Solitude, loneliness, silence, alone. The good and pure water that these words should evoke in our souls has been poisoned by a world which sees them as everything which is wrong. And yet, the world still doesn't realize - or more accurately don't know - that these are the things which will bring healing. I am terrified by these words still. It goes against everything I have been looking for in life. I have spent years striving to find a wife so that when I come home I won't be alone; and the Lord blesses me with daily solitude and aloneness, and I disregard these gifts. I look for ways to fill up my time with movies and music; and I miss the still soft voice of God.

Jesus,


Your life is a model of how I should live. You so often pulled yourself away from those around you in order to seek and preserve your identity. The importance of silence and solitude is so evident and yet I long for noise and busyness.
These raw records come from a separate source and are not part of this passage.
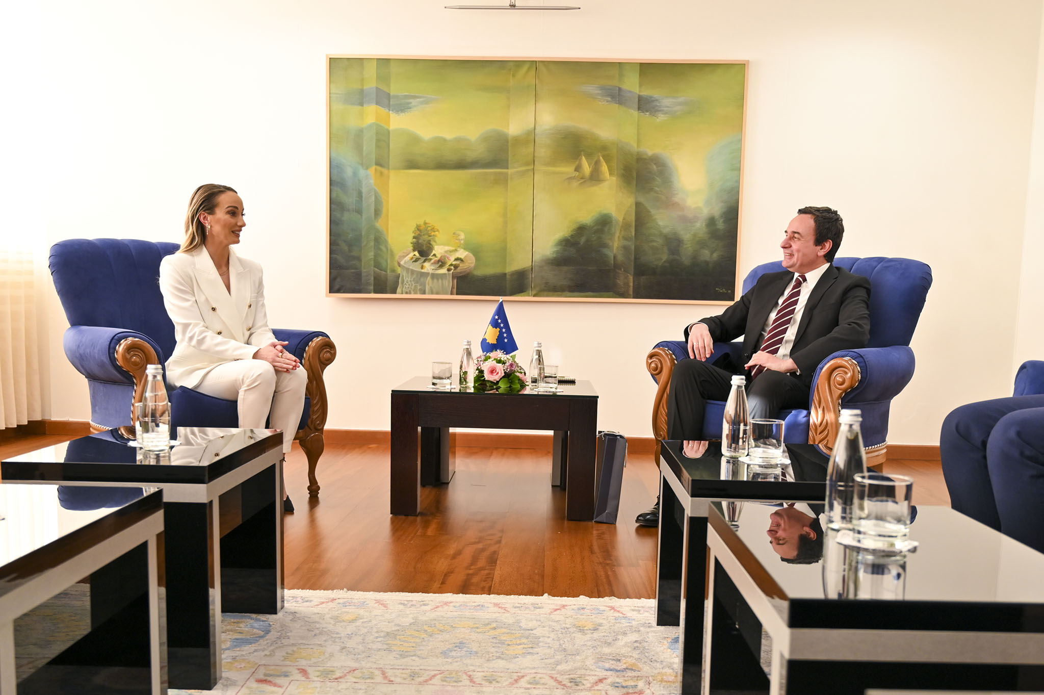 Kryeministri i Republikës së Kosovës, Albin Kurti ka pritur sot në takim futbollisten me famë botërore nga Kosova, me nënshtetësi të Suedisë, Kosovare Asllanin e shoqëruar nga babai i saj, Naser Asllani.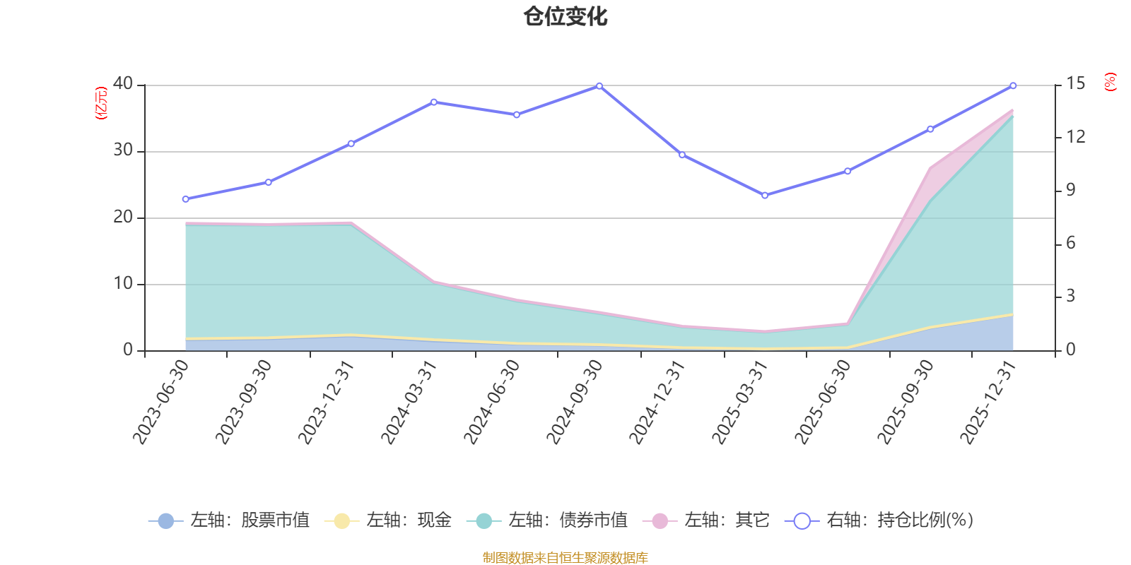 据定期报告数据统计,成立以来平均股票仓位为11.76%,同类平均为19.2%。2025年末基金达到14.95%的最高仓位,2023年上半年末最低,为8.55%。
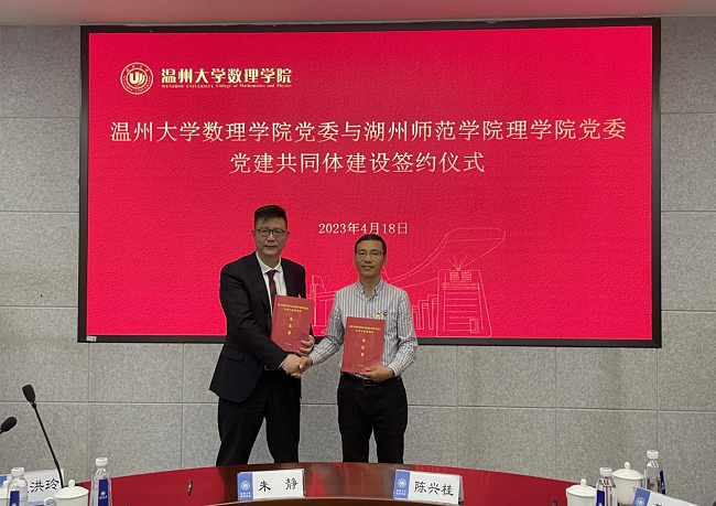 為發(fā)揮黨建引領(lǐng)作用,促進(jìn)黨建與業(yè)務(wù)工作深度融合,近日,溫州大學(xué)數(shù)理學(xué)院與湖州師范學(xué)院理學(xué)院簽署《黨建共同體建設(shè)備忘錄》,圍繞雙方學(xué)科特色聚力促進(jìn)基礎(chǔ)學(xué)科研究。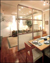 然而,使空间变大的作法中,除了空间的重复利用之外,设计师在本案里运用到视觉上的重复利用。一楼的客厅、餐厅、书房和厨房之间,皆以玻璃做隔间。不同于水泥墙的绝对阻断于闭塞感,透明材质的运用,能让视觉穿透各个空间,达到个空间互相借景的效果。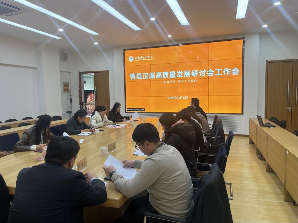 3月5日下午,“曹县汉服高质量发展研讨会”推进会于第三会议室成功举办。曹县县委常委、县委宣传部长王倩,曹县县委宣传部副部长、文明办主任张美玉,曹县电商服务中心主任张龙飞,曹县县委宣传部办公室主任杨蕴卜,菏泽市广播电视台新媒体中心主任王硕,菏泽市广播电视台新媒体中心运营部主任孔庆以及服装学院相关工作人员出席了本次会议,会议由服装学院院长李杰主持。
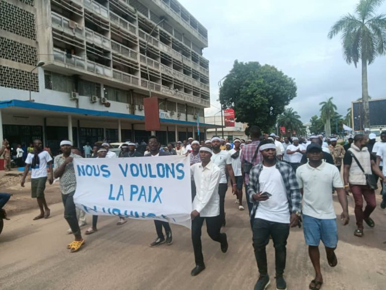 Les manifestants, composés d’acteurs de la société civile, d’acteurs politiques et d’autres jeunes, ont parcouru plusieurs artères du centre-ville de Kisangani avant de se rendre au gouvernorat. Ils portaient des bandes blanches sur la tête, en signe de paix, et des pancartes sur lesquelles on pouvait lire « Nous voulons la paix à Lubunga » et « Annulation des contrats de la société CAP CONGO ». Ils ont également brandi des photos du carnage et scandé des chansons pour demander la paix.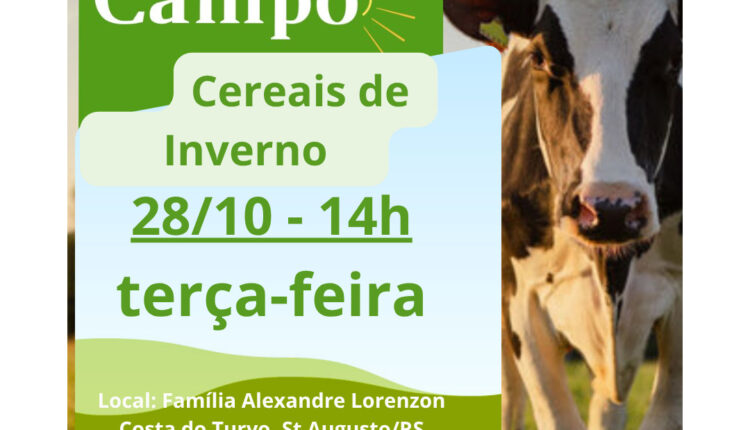 Produtores rurais da região terão uma oportunidade de conhecer novas tecnologias e cultivares de cereais de inverno durante o Dia de Campo, que será realizado na próxima terça-feira, 28 de outubro, às 14h, na propriedade da Família Alexandre Lorenzon, localizada em Costa do Turvo, em Santo Augusto.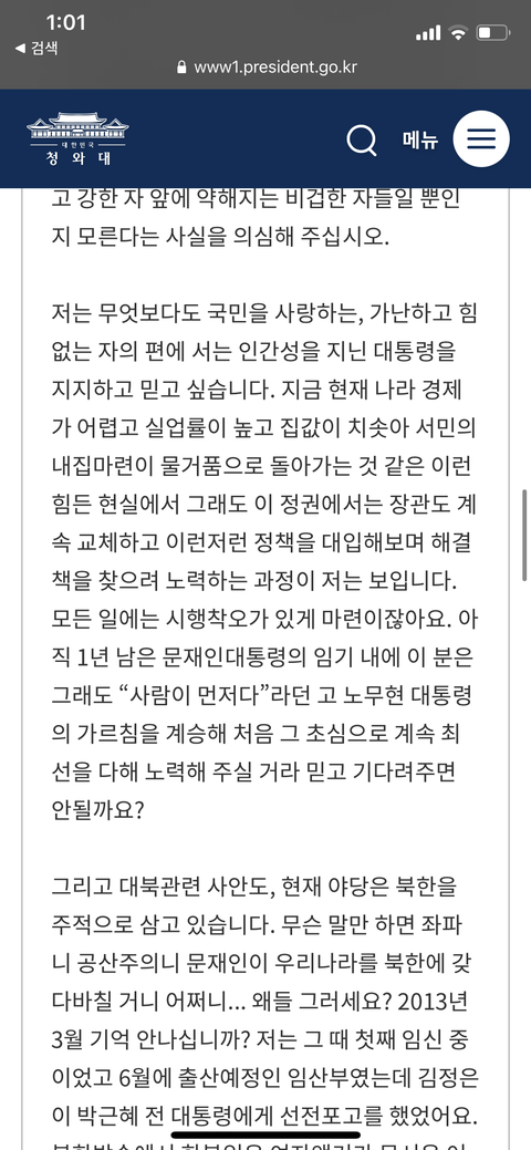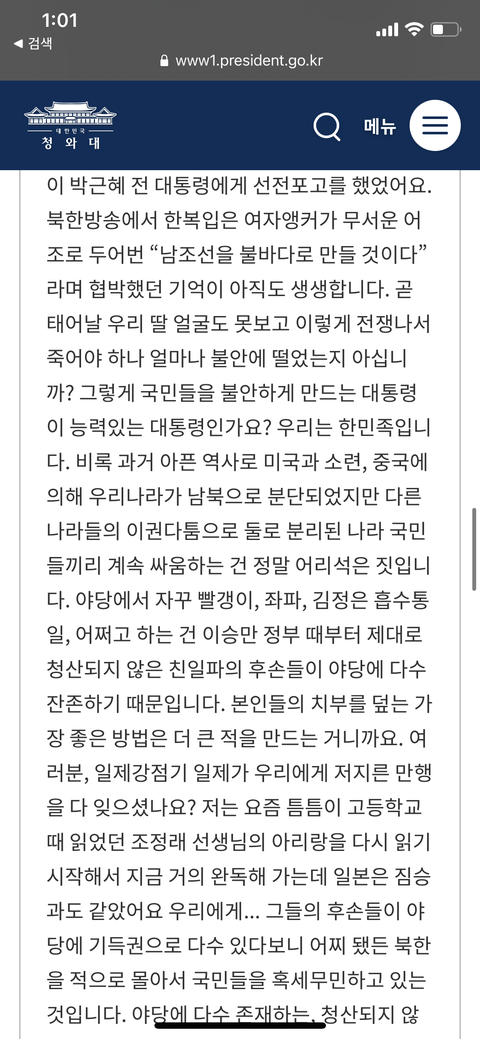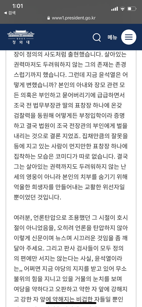 저는 마흔이 되는 한 가정의 안주인이자 중학교 음악교사예요. 하지만 우리나라가 여느 다른 나라보다 더 잘 살기를, 대한민국 국민 모두가 조금씩이라도 더 행복해지기를 비는 사람으로서 요즘 국정이 너무 험하게 흘러가고 있는 듯한 안타까움을 느끼게 되었어요. 그래서 이렇게 문대통령님께 힘을 실어 드리고자 처음에는 국민신문고에 비공개 민원으로 올렸던 글을 더 많은 국민들과 나누고 싶은 마음에 (특히 적폐 언론 및 사법기관에 의해 눈과 귀가 가려진) 국민청원에까지 올리게 되었습니다.
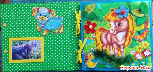 Большая яркая книга из 6 страниц ( 30*30) с различными застежками, на внутреннем развороте обложки два кармашка под фото. Более подробно у меня на страничке. Заходите в гости! Читать полностью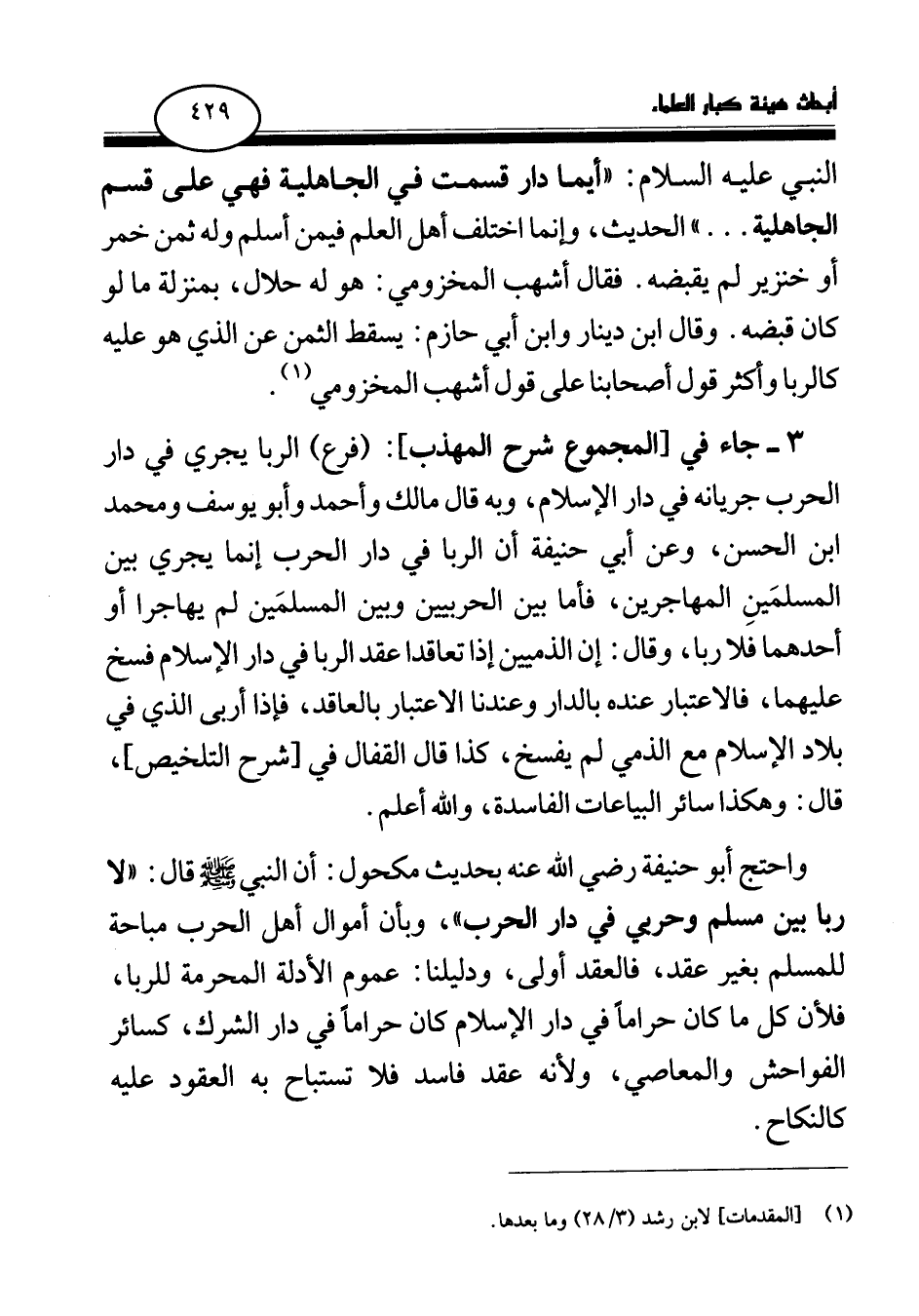 3 - جاء في [المجموع شرح المهذب] : (فرع) الربا يجري في دار الحرب جريانه في دار الإسلام، وبه قال مالك وأحمد وأبو يوسف ومحمد بن الحسن، وعن أبي حنيفة أن الربا في دار الحرب إنما يجري بين المسلمين المهاجرين، فأما بين الحربيين وبين المسلمين لم يهاجرا أو أحدهما فلا ربا، وقال: إن الذميين إذا تعاقدا عقد الربا في دار الإسلام فسخ عليهما، فالاعتبار عنده بالدار وعندنا الاعتبار بالعاقد، فإذا أربى الذي في بلاد الإسلام مع الذمي لم يفسخ، كذا قال القفال في [شرح التلخيص] ، قال: وهكذا سائر البياعات الفاسدة، والله أعلم.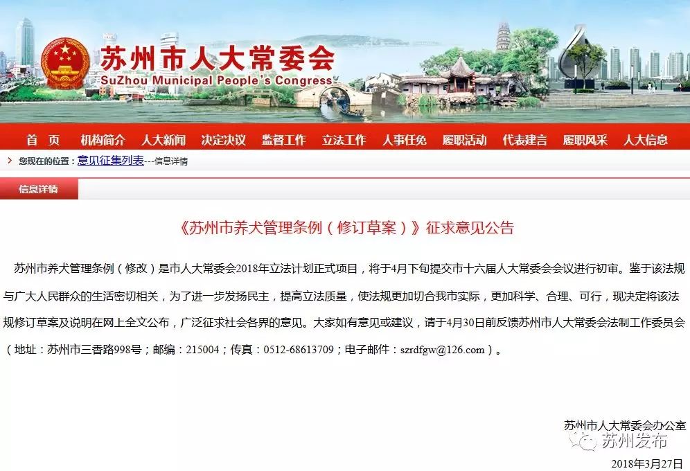 目前《苏州市养犬管理条例(修订草案)》正在征求意见中,大家如有意见或建议,请于4月30日前反馈苏州市人大常委会法制工作委员会。

Forgive me for the errors in my ways, for not accepting the gifts of aloneness and solitude that you have given me in my life. If this gifts lasts months, years, or until I die please be graceful and continually bring me back to this place I am at - a place that recognizes how sacred and perfect these gifts are.


While my heart pulls me away from these truths, may Your life and actions be evidence of the light. Darken the worlds cries and bring light to your truth. Bring me to a realization of joy when the world tells me to wallow in my aloneness. Bring peace to my soul when the lies surrounding my loneliness want to bring anxiety. And provide wisdom to me when the noises of the world must be pushed aside so that you can bless me with silence and solitude.